I've been told next to mall of emirates! Am going tomorrow to convert my uk licence to UAE! Eye test complete at last.


----------



## ibkiss (Feb 1, 2012)

craignewcastle said:


> I've been told next to mall of emirates! Am going tomorrow to convert my uk licence to UAE! Eye test complete at last.


That is what I've mentioned ..... next to MOE .... Barsha Police station


----------



## craignewcastle (Aug 9, 2011)

My only worry is on the police website they send you to HQ new terminal 2...??? Confused.com


----------



## xchaos777 (Dec 15, 2010)

I did mine at the one across the street from MOE in 10 mins. No need to go anywhere else.


----------



## Scottishnewbie (Oct 19, 2011)

Hi 
Was that at police station across from moe?


----------



## xchaos777 (Dec 15, 2010)

There is the Dubai Courts and the larger white building next to it. It is across Um Suquim rd from MOE.


----------



## ReggieDXB007 (Mar 10, 2011)

Scottishnewbie said:


> Hi
> Was that at police station across from moe?


It is easier if you think of it as being next to Gold and Diamond Park - just along the service road heading south towards the MOE


----------



## craigabz (Feb 4, 2012)

Is it quicker to get the eye test done first at an opticians before heading for the MOE test centre?


----------



## wandabug (Apr 22, 2010)

It is just as easy to do the eye test at the test centre.
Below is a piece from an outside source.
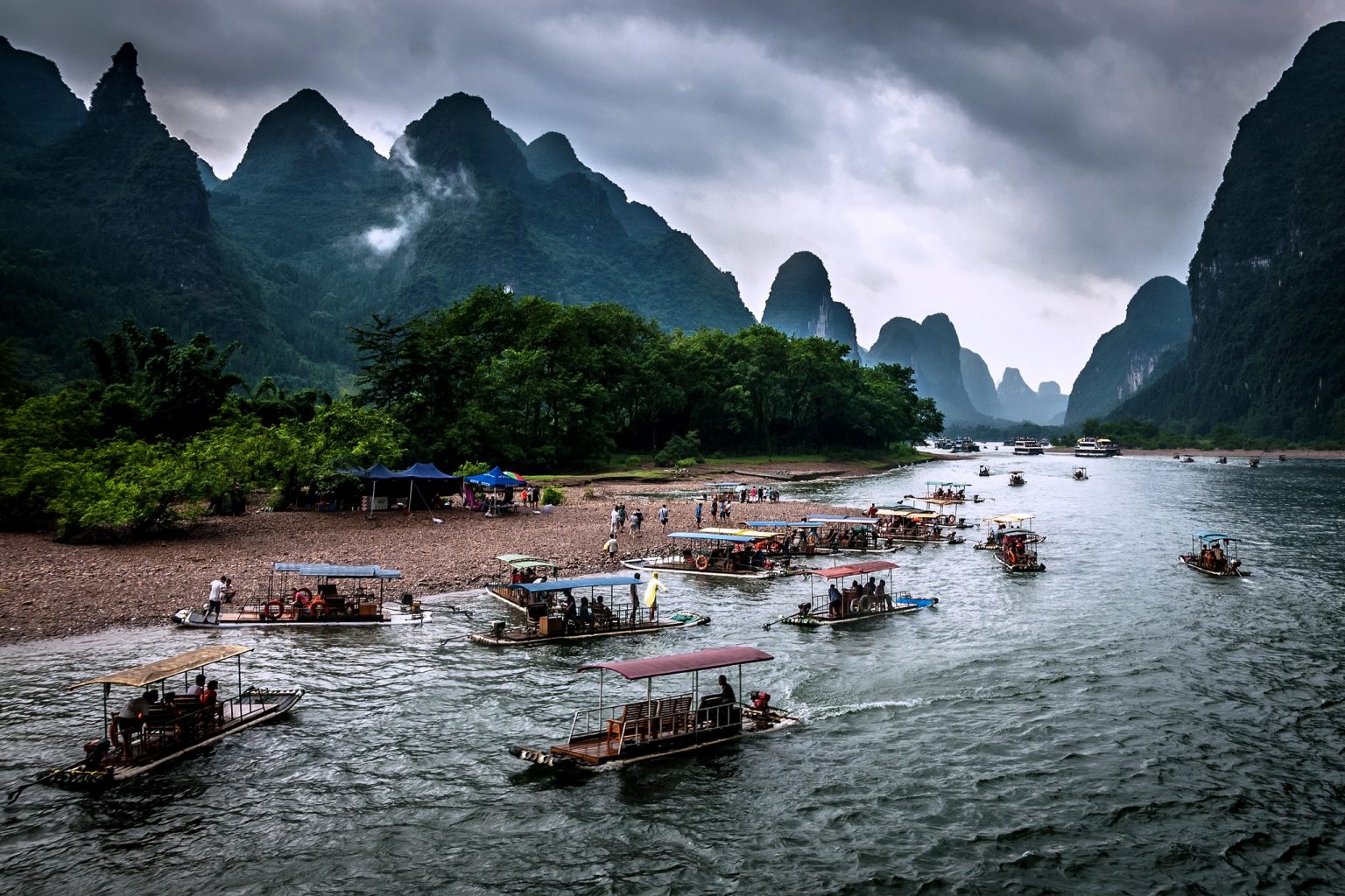 КРУІЗ ПО РІЧЦІ ЛІЦЗЯН, яка вражає своєю чистотою, прозорістю і, звичайно ж, пейзажами, до причалу повітового міста ЯНШО, яке розташоване в оточенні 18 гірських піків і з висоти виглядає як серцевина квітки лотоса. За красу пейзажу, що гармонує із селянськими полями, ЯНШО має славу "першого пейзажного місця Гуйліня".

Or have it done before, up to you really.


----------



## craigabz (Feb 4, 2012)

Thanks Wanda, if i'm in one of the malls i'll pop in to an opticians and get it done.


----------



## Scottishnewbie (Oct 19, 2011)

I got eye test done at union coop on al wasl took about 2 mins and was 100ds


----------



## ziokendo (Jan 7, 2012)

Scottishnewbie said:


> Went to get driver's licence today at union coop on Al wasl as husband went there recently only to find It's closed can anyone tell me where the nearest one is to jumeira?
> Thanks


I have just experienced too that the RTA customer centre is not anymore at the union coop opposite Al Safa, but has been moved to Al Manara centre, just in front of Noor Islamic bank metro station, sea side of SZR. Before exit 43 if you go towards Jebel Ali.


----------



## ahmed007 (Mar 11, 2012)

there an rta office on shk zayed road, its in between the 2nd and 3rd interchange on the right. U cant miss it. I think its the manara exit u take


----------



## RafaelHiggo (Mar 24, 2012)

*Driving*

which is better edi orr belhasa???


----------



## RafaelHiggo (Mar 24, 2012)

and how long will it taake?? will it help if i have a sa driving licence?


----------



## RafaelHiggo (Mar 24, 2012)

*sa-South Africa


----------



## teuchter (Dec 12, 2011)

RafaelHiggo said:


> and how long will it taake?? will it help if i have a sa driving licence?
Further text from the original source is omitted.